The European power price rose on Wednesday as a result of a combination between lower wind production and increased demand, with temperatures falling in line with the seasons.

Naser Hashemi, LSEG analyst, said: "Tomorrow’s outlook is bullish. The main signal comes from the lower wind production in Germany and Central West European countries (CWE)."

LSEG data shows that French baseload day-ahead was up 17.5% at 99.3 Euros ($115.00 per megawatt (MWh) as of 0835 GMT.

The German equivalent price was not traded, but it was bid at 112 Euros/MWh after settling at 103 Euros/MWh.

LSEG data shows that the German wind power production is expected to drop by 6.4 gigawatts to 14.8 GW this Thursday. The French wind power production is also projected to decrease 4.4 GW and arrive at 6.3 GW.

The day-ahead power demand in Germany was forecast to increase by 300 MW to reach 63.0 GW, while in France it would rise by 3.7 GW to 63.2 GW.

The temperature in Germany was forecast to drop by 1 degree Celsius, to 1.6 degrees.
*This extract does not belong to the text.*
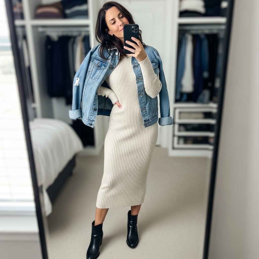 A denim jacket layered over a knit dress creates an easy-going, chic fall outfit. Add ankle boots or sneakers for a casual vibe, or heeled boots for a more polished touch. This combination balances cozy textures with relaxed layering, making it versatile for day-to-night wear in the autumn season.

In France it would fall by 2.1 degrees to 3.6°.

German baseload for the year ahead fell by 1.2%, to 89.4 Euros/MWh. French year-ahead was not traded after its previous closing at 52.4 Euros/MWh.

The benchmark contract for 2025 on the European carbon market fell by 0.9%, to 80.47 euro per metric ton.

The European Commission announced on Tuesday that they had approved a compensation payment of 1.75 billion euro from Germany to the power company LEAG in exchange for it ceasing coal use by 2038.